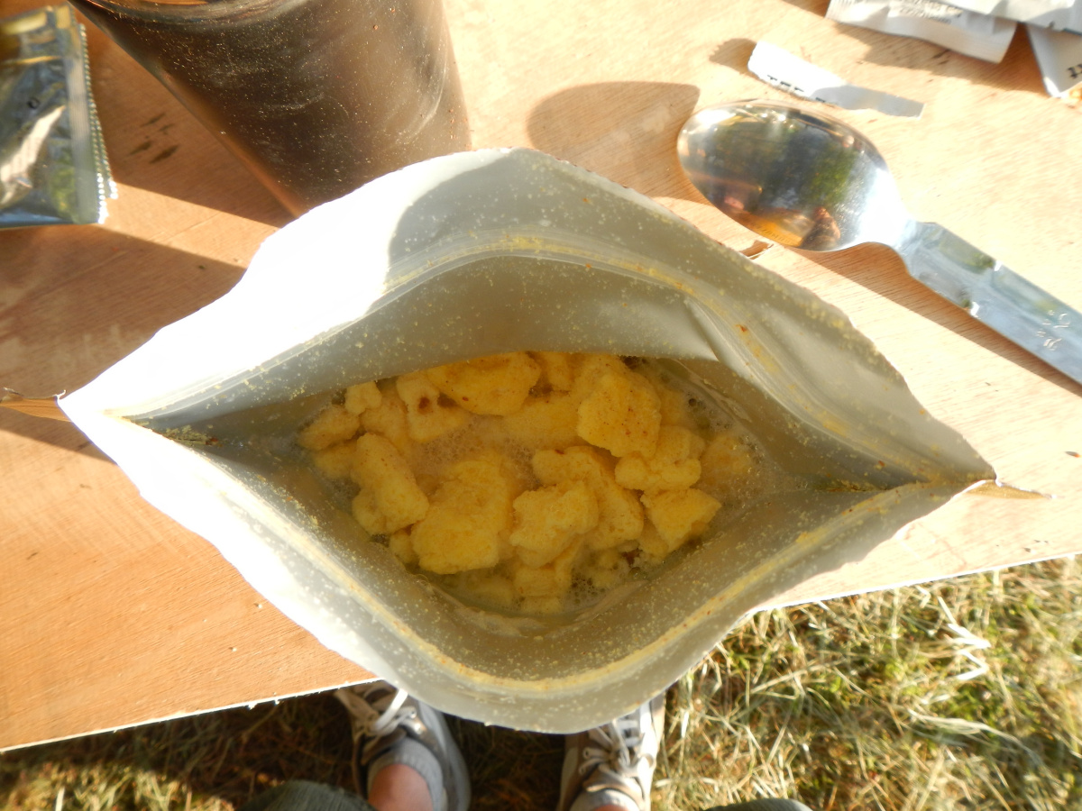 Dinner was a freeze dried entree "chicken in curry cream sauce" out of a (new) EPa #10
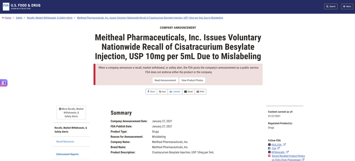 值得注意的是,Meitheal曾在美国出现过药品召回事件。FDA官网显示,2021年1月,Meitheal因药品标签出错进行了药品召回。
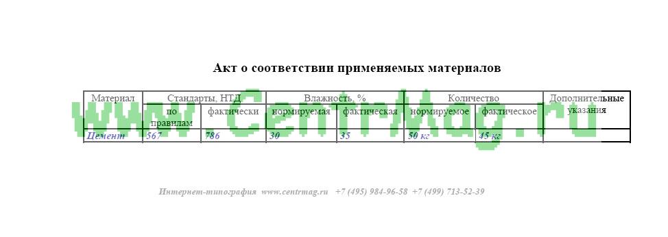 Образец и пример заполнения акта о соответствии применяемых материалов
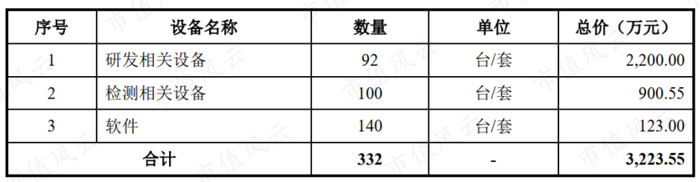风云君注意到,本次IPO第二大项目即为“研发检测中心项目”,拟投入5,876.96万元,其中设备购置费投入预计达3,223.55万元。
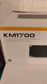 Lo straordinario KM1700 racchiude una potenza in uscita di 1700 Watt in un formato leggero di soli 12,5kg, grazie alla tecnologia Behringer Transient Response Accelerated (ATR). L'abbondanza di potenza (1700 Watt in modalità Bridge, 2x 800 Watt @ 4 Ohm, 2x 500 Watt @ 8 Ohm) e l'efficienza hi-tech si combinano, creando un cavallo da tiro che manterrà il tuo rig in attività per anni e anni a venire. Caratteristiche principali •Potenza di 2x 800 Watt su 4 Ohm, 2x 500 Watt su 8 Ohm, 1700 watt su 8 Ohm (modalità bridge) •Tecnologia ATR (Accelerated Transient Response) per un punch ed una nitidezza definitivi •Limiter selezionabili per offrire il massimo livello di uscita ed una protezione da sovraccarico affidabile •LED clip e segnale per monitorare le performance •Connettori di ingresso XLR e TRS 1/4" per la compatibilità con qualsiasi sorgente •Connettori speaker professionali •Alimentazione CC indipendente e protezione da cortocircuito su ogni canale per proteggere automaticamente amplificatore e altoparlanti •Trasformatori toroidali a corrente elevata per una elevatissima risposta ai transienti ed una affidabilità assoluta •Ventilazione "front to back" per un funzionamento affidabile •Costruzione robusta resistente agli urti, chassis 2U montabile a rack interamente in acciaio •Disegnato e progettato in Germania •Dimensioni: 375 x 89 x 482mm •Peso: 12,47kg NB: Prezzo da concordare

==

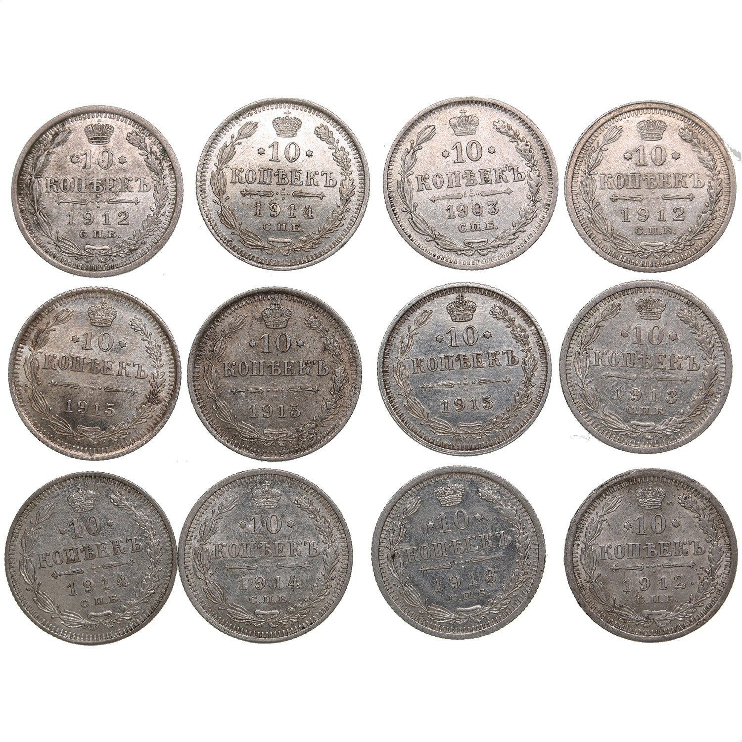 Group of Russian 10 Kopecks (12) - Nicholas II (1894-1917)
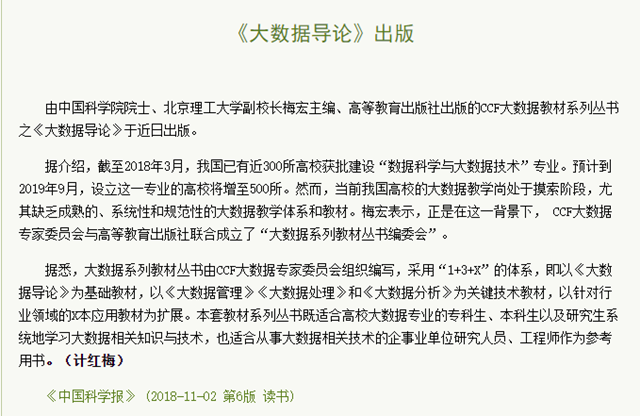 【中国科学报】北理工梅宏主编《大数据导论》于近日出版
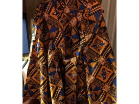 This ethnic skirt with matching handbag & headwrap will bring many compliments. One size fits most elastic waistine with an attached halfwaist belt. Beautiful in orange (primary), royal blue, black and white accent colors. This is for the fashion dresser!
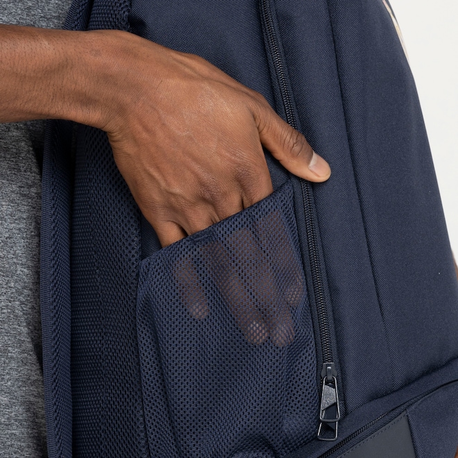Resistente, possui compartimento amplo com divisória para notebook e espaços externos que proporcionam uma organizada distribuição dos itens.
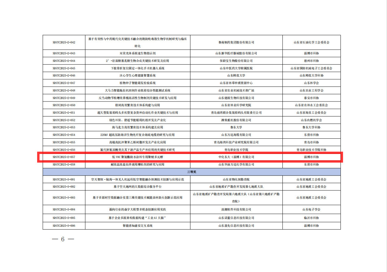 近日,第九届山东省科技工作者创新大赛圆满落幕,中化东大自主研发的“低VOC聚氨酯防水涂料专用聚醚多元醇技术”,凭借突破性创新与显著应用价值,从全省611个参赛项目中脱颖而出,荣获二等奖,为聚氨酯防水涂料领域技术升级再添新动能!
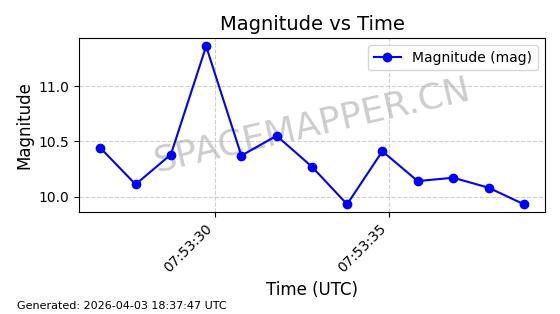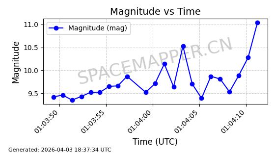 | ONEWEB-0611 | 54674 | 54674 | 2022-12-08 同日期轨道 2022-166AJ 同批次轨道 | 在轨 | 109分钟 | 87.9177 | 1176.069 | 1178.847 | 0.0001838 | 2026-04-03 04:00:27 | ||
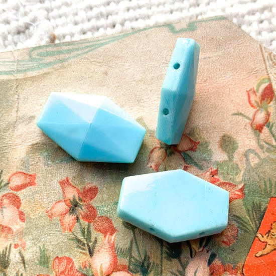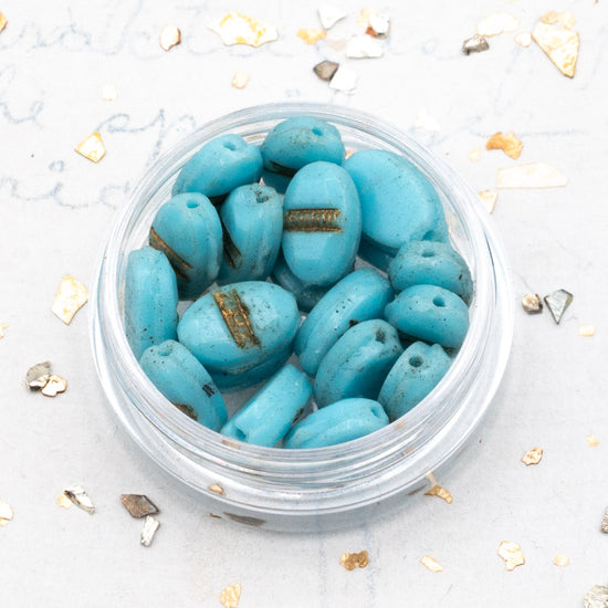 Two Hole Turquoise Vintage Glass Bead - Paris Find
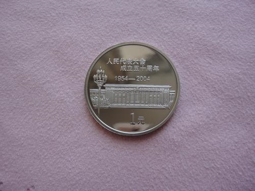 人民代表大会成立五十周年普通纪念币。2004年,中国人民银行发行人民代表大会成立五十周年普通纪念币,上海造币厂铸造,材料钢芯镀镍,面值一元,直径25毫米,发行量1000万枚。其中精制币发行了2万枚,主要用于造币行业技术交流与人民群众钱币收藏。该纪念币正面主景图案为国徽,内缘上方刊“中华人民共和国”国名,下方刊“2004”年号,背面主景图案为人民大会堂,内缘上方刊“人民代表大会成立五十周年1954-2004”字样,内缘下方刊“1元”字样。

---

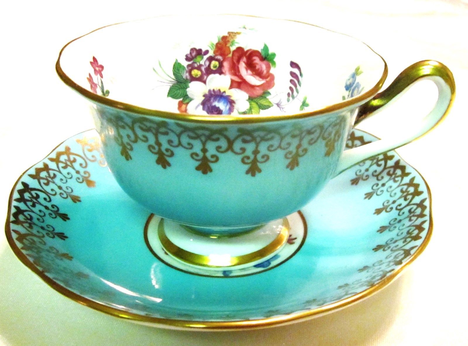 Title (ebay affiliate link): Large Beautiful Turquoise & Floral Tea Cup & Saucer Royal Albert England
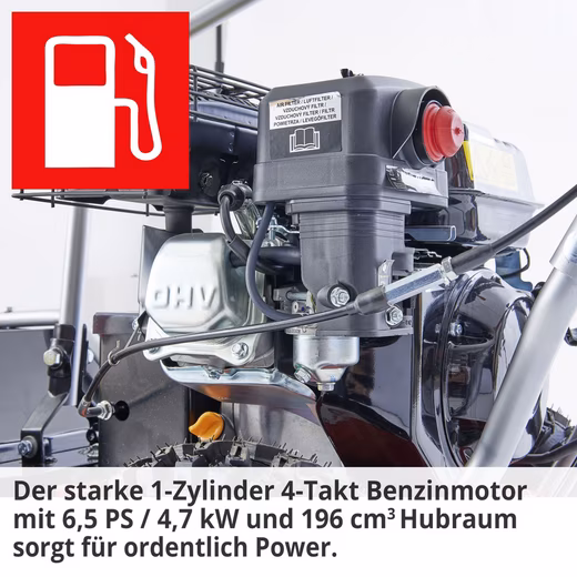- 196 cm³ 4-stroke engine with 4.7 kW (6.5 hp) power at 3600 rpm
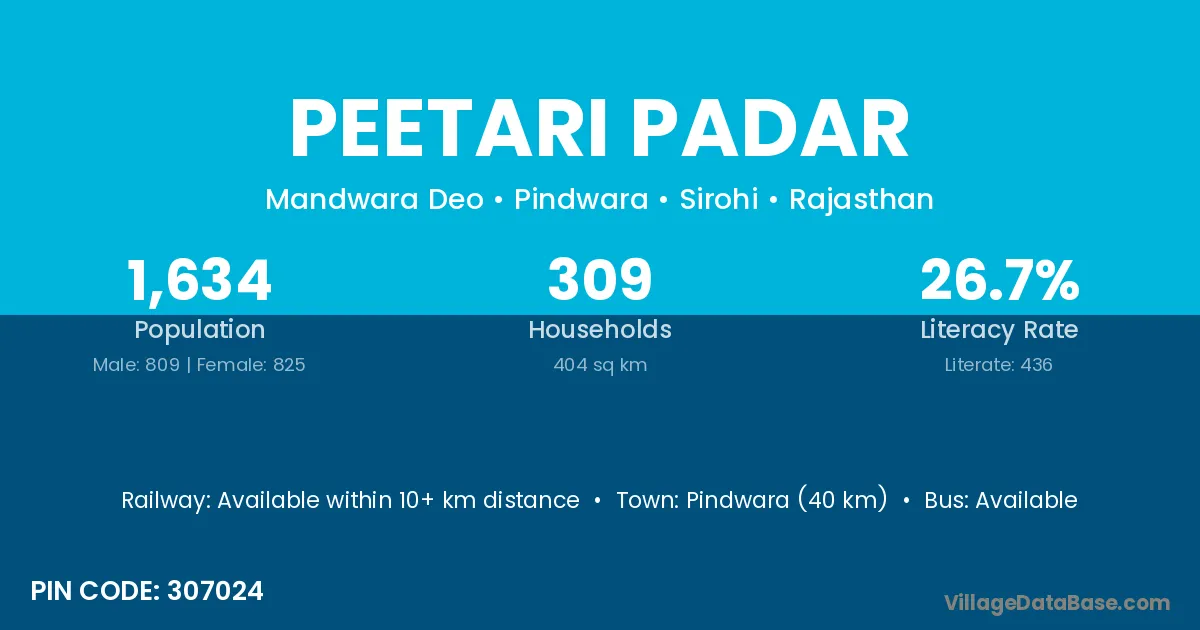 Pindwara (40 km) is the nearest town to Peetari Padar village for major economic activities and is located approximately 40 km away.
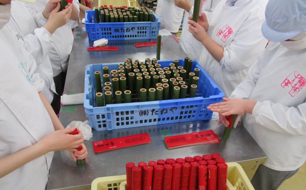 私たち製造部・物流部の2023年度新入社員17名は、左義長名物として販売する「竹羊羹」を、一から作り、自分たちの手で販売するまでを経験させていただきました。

**WHAT IS EXPECTED:** Although pictures appear among the records above, write out exactly only the lines from the one that has "近日,第九届山东省科技工作者" through the one that has "人民代表大会成立五十周年普通纪念币。20", and leave the pictures out.

**SOLUTION TO THIS EXERCISE:**
 近日,第九届山东省科技工作者创新大赛圆满落幕,中化东大自主研发的“低VOC聚氨酯防水涂料专用聚醚多元醇技术”,凭借突破性创新与显著应用价值,从全省611个参赛项目中脱颖而出,荣获二等奖,为聚氨酯防水涂料领域技术升级再添新动能!
 | ONEWEB-0611 | 54674 | 54674 | 2022-12-08 同日期轨道 2022-166AJ 同批次轨道 | 在轨 | 109分钟 | 87.9177 | 1176.069 | 1178.847 | 0.0001838 | 2026-04-03 04:00:27 | ||
 Two Hole Turquoise Vintage Glass Bead - Paris Find
 人民代表大会成立五十周年普通纪念币。2004年,中国人民银行发行人民代表大会成立五十周年普通纪念币,上海造币厂铸造,材料钢芯镀镍,面值一元,直径25毫米,发行量1000万枚。其中精制币发行了2万枚,主要用于造币行业技术交流与人民群众钱币收藏。该纪念币正面主景图案为国徽,内缘上方刊“中华人民共和国”国名,下方刊“2004”年号,背面主景图案为人民大会堂,内缘上方刊“人民代表大会成立五十周年1954-2004”字样,内缘下方刊“1元”字样。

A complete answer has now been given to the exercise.